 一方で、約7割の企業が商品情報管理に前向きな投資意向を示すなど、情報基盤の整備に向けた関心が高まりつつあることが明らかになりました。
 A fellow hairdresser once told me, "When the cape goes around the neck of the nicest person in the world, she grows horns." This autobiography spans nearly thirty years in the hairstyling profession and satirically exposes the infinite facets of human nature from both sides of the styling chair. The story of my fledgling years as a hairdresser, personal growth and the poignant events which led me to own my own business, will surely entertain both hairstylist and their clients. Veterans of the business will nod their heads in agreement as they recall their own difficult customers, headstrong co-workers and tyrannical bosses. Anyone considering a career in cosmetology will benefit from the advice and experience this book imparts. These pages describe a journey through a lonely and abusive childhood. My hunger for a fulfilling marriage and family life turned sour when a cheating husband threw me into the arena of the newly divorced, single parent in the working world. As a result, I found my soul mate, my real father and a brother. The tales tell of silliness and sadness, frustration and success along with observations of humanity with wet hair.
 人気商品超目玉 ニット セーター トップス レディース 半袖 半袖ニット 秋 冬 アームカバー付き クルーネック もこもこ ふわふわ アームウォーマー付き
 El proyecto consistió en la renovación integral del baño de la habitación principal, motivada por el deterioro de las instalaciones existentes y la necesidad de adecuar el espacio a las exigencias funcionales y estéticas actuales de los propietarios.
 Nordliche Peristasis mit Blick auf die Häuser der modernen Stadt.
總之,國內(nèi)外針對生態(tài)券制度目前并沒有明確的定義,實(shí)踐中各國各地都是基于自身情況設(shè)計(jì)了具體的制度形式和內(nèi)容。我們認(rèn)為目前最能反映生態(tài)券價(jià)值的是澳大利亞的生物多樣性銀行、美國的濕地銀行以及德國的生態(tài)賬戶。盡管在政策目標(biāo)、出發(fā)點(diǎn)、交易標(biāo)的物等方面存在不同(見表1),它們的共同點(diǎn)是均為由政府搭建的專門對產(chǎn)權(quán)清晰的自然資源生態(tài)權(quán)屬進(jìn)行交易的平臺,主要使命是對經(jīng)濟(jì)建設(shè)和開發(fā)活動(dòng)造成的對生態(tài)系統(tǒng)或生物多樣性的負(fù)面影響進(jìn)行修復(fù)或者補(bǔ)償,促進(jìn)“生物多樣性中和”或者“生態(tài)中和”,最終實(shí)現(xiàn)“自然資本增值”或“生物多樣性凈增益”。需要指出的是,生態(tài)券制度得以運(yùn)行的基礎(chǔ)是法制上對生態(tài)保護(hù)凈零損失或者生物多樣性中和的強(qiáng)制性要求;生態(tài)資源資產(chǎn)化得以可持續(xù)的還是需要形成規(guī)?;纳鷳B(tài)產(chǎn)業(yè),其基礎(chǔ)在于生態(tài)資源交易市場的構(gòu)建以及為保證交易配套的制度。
◆ ◆ ◆ ◆
> **Problem details**
Every entry is to be restated word for word, with nothing dropped.

> **Solution to the exercise**
 一方で、約7割の企業が商品情報管理に前向きな投資意向を示すなど、情報基盤の整備に向けた関心が高まりつつあることが明らかになりました。
 A fellow hairdresser once told me, "When the cape goes around the neck of the nicest person in the world, she grows horns." This autobiography spans nearly thirty years in the hairstyling profession and satirically exposes the infinite facets of human nature from both sides of the styling chair. The story of my fledgling years as a hairdresser, personal growth and the poignant events which led me to own my own business, will surely entertain both hairstylist and their clients. Veterans of the business will nod their heads in agreement as they recall their own difficult customers, headstrong co-workers and tyrannical bosses. Anyone considering a career in cosmetology will benefit from the advice and experience this book imparts. These pages describe a journey through a lonely and abusive childhood. My hunger for a fulfilling marriage and family life turned sour when a cheating husband threw me into the arena of the newly divorced, single parent in the working world. As a result, I found my soul mate, my real father and a brother. The tales tell of silliness and sadness, frustration and success along with observations of humanity with wet hair.
 人気商品超目玉 ニット セーター トップス レディース 半袖 半袖ニット 秋 冬 アームカバー付き クルーネック もこもこ ふわふわ アームウォーマー付き
 El proyecto consistió en la renovación integral del baño de la habitación principal, motivada por el deterioro de las instalaciones existentes y la necesidad de adecuar el espacio a las exigencias funcionales y estéticas actuales de los propietarios.
 Nordliche Peristasis mit Blick auf die Häuser der modernen Stadt.
總之,國內(nèi)外針對生態(tài)券制度目前并沒有明確的定義,實(shí)踐中各國各地都是基于自身情況設(shè)計(jì)了具體的制度形式和內(nèi)容。我們認(rèn)為目前最能反映生態(tài)券價(jià)值的是澳大利亞的生物多樣性銀行、美國的濕地銀行以及德國的生態(tài)賬戶。盡管在政策目標(biāo)、出發(fā)點(diǎn)、交易標(biāo)的物等方面存在不同(見表1),它們的共同點(diǎn)是均為由政府搭建的專門對產(chǎn)權(quán)清晰的自然資源生態(tài)權(quán)屬進(jìn)行交易的平臺,主要使命是對經(jīng)濟(jì)建設(shè)和開發(fā)活動(dòng)造成的對生態(tài)系統(tǒng)或生物多樣性的負(fù)面影響進(jìn)行修復(fù)或者補(bǔ)償,促進(jìn)“生物多樣性中和”或者“生態(tài)中和”,最終實(shí)現(xiàn)“自然資本增值”或“生物多樣性凈增益”。需要指出的是,生態(tài)券制度得以運(yùn)行的基礎(chǔ)是法制上對生態(tài)保護(hù)凈零損失或者生物多樣性中和的強(qiáng)制性要求;生態(tài)資源資產(chǎn)化得以可持續(xù)的還是需要形成規(guī)?;纳鷳B(tài)產(chǎn)業(yè),其基礎(chǔ)在于生態(tài)資源交易市場的構(gòu)建以及為保證交易配套的制度。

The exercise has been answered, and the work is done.